From these measurements, oceanographers were able to map the chlorophyll concentrations of different parts of the world ocean. Seasonal changes were visible as the satellite repeated its orbits over the same area. From these data, oceanographers could estimate phytoplankton concentrations throughout the euphotic zone and make inferences as to factors that controlled primary productivity in the sea. The huge volumes of data provided by this instrument continue to be a source of knowledge to this day, as oceanographers scrutinize the data in new ways that lead to a better understanding of productivity in the oceans.
Global ocean productivity maps are widely available at many sites on the world wide web. NASA maintains a site just for satellite measurements of primary productivity. Try a search on "satellite oceanography" and see what you come up with.
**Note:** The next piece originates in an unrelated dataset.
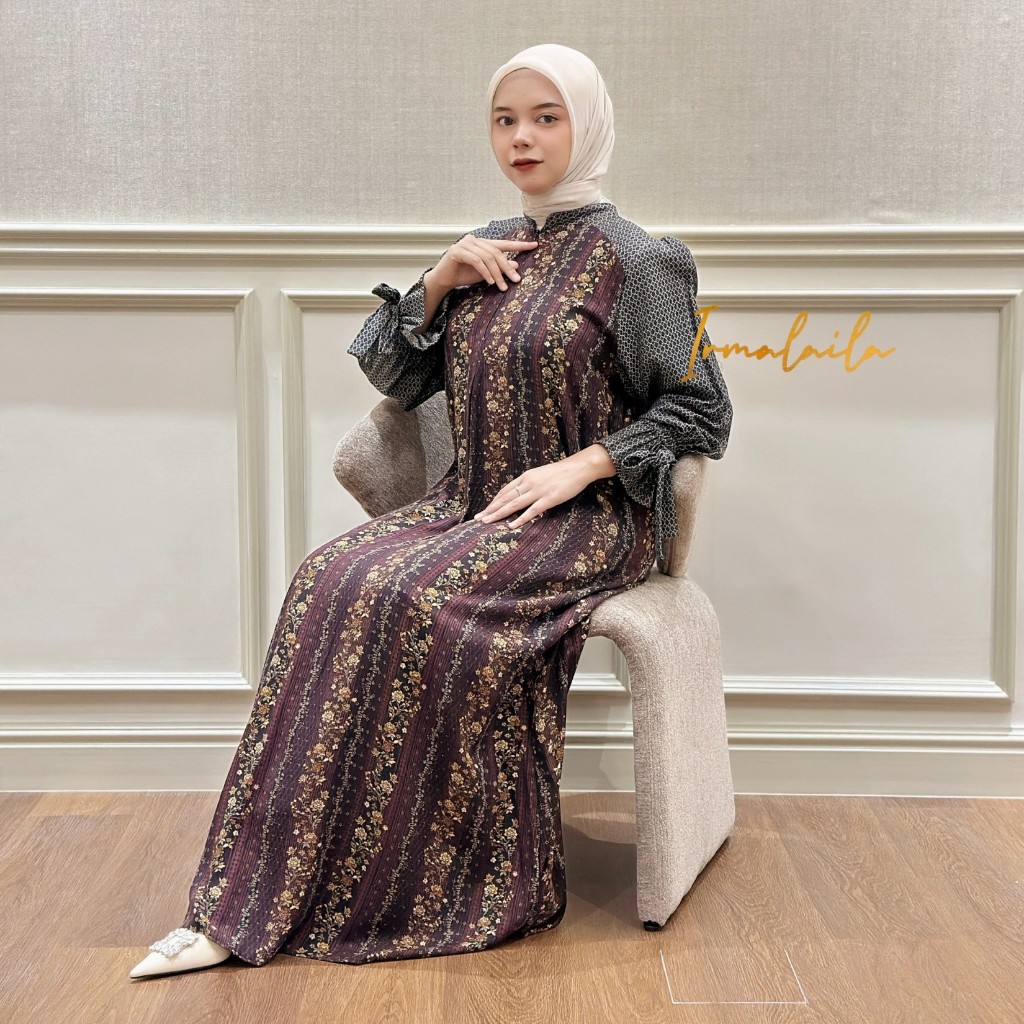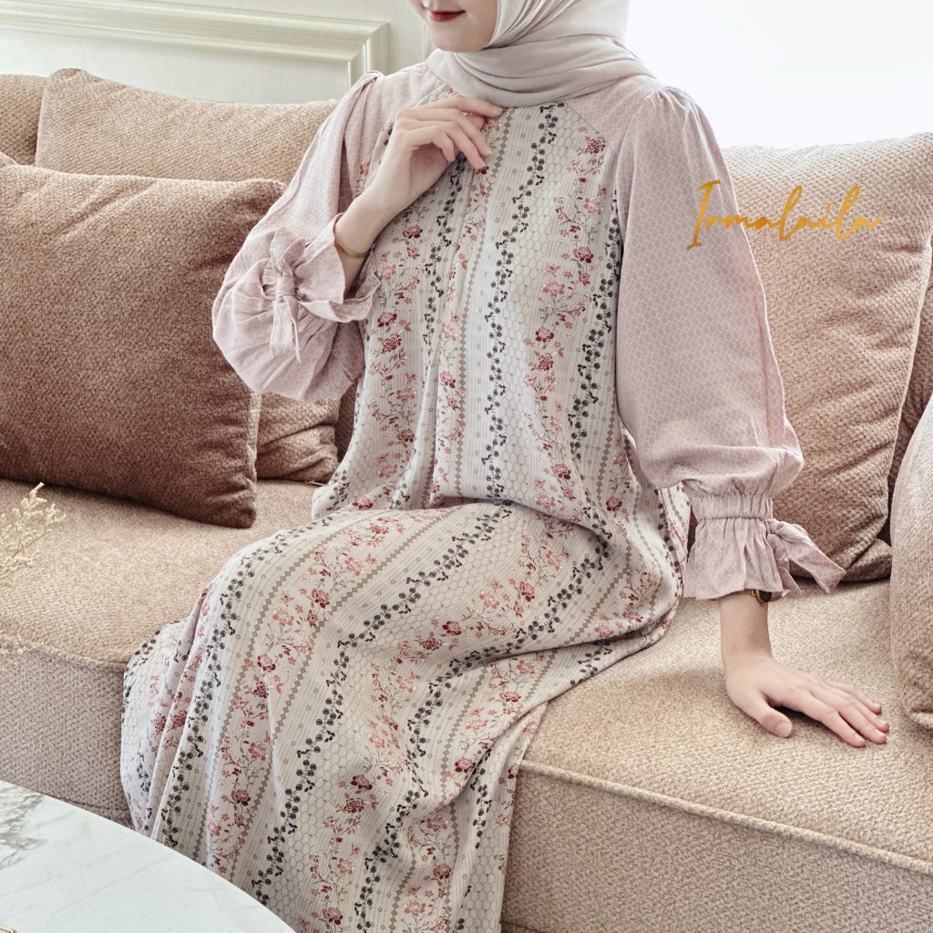 Ellena Dress Gamis Wanita Rayon Motif Mix Rayon Jaguard Lembut Adem Nyaman Daily Bumil dan Busui Friendly By Irmalaila

While we're on this subject, I want to mention the TOPEX/Poseidon satellite, launched in 1992, which measures the "bumps" in the ocean surface (i.e. sea surface height). Remember the "hill" in the Sargasso Sea, formed as a result of geostrophic flow? The T/P satellite is capable of making measurements of the sea surface with a precision of 4 inches and has returned an extraordinary amount of useful and revolutionary information. One more interesting finding was a bulge of water in the North Pacific Ocean that was created more than 12 years ago during the 1983-1984 El Nino. New information from this satellite will greatly enhance our understanding of ocean currents, particularly thermohaline processes, and may help us to understand better the role of the oceans in global warming.
Clearly, satellite oceanography represents a new frontier for ocean scientists. These synoptic and instantaneous pictures from outer space will vastly improve our ability to understand ocean phenomena. Using satellites, oceanographers can now obtain a more detailed view of the oceans than ever before. New discoveries await us in this exciting new field of oceanography.